In contrast, Open Adoption is when the biological parents have a relationship with the adoptive parents of their child, as well as the adopted child. In most Open Adoption cases, the biological parents know their child and the child knows them. Of course, this depends on the decision of the adoptive parents as to how much they will allow the birth parents to contribute to the child’s life. This kind of adoption also puts the child into a better mental state, since they know their parents and why they were put up for adoption and that the adoptive parents love them. Researchers have weighed the consequences and the benefits of both choices made by parents, and have concluded that the healthiest type of adoption is an Open Adoption.
Unfortunately, my adoption was a Closed Adoption, because my adoptive parents do not have contact with my biological parents at all. This is not necessarily by choice. We do not actually know the whereabouts of my biological parents. Sometimes I feel upset that I do not know my biological parents. However, I feel lucky with my current life and I live with a great family, have friends, go to school, play sports, read, and live a normal life. Many people do not realize the sacrifices that their biological parents made and feel that they were abandoned. However, this is often not the case. Many parents who give up their children feel remorse for what they did and try to find a place where their child is able to thrive. In my case, my biological father made a selfless choice and had my best interests in mind.
I hope my story and my experiences will inspire other children who are adopted to tell their own stories, and to appreciate the sacrifices that their biological parents made. Recently I have come to realize that my biological parents made their sacrifice so that I could have the life they never had. Nowadays, I still consider myself a full-fledged Korean despite the fact that I now belong to a very interracial family. If someone were to ask me what I consider myself racially, I would say, “I am first and foremost an American, who is proud of his ethnic background, which is Korean.” My father happens to be half Korean and my mother is fully Chinese; however, these differences in ethnicity promote a sense of multiculturalism in our family. I celebrate the lunar New Year and other Chinese holidays with as much excitement as my adoptive family. Moreover, I love Chinese food, and am grateful to have a mother who cooks so well.
Adoption is becoming more and more popular.

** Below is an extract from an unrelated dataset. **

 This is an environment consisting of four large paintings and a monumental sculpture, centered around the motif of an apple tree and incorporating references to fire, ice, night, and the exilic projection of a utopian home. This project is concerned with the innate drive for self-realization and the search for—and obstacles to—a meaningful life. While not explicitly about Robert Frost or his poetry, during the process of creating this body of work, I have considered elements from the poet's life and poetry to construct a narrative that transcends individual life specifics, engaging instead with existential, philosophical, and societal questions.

Many parents in the United States are adopting children from countries such as South Korea, Ethiopia, Russia, Vietnam and Haiti. Extreme poverty, disease, parents who are unable to take care of their children and many other socioeconomic factors play into the adoption rates of many countries. Many people have the notion that adoption only occurs when children are abandoned and left to die. In some cases this is true, but in far more cases, it is not.

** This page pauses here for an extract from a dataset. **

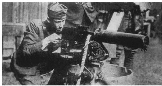 勃朗宁M1917A1重机枪。美国海军陆战队在太平洋战场上以步兵战斗为主,与日军坦克部队交手的机会很少,所以他们不像陆军那样装备有反坦克炮,最大的撒手锏就是重机枪。勃朗宁重机枪属水冷式重机枪,水冷套筒下方装有蒸汽软管,以免发热产生的水汽暴露机枪阵地位置。这种重机枪的持续射击能力很强,容弹量250发,陆战队每个营都装备有12挺勃朗宁重机枪,可有效实施交替射击

My advice for adoptees around the world is to accept and appreciate the fact that they were adopted. If you live a life where you choose to reject and be angry, you miss the point of why you were put up for adoption. Like I have said before, adoption is a selfless act where parents make the choice to give up their child to someone who they don’t know very well so that their child can have a better life. I have not seen my biological parents in over ten years. I hardly remember their faces, but the faint memories I have are of sickness and poverty. One of my life dreams is to go to Korea and find my biological family, to tell them I am so grateful for what they did for me.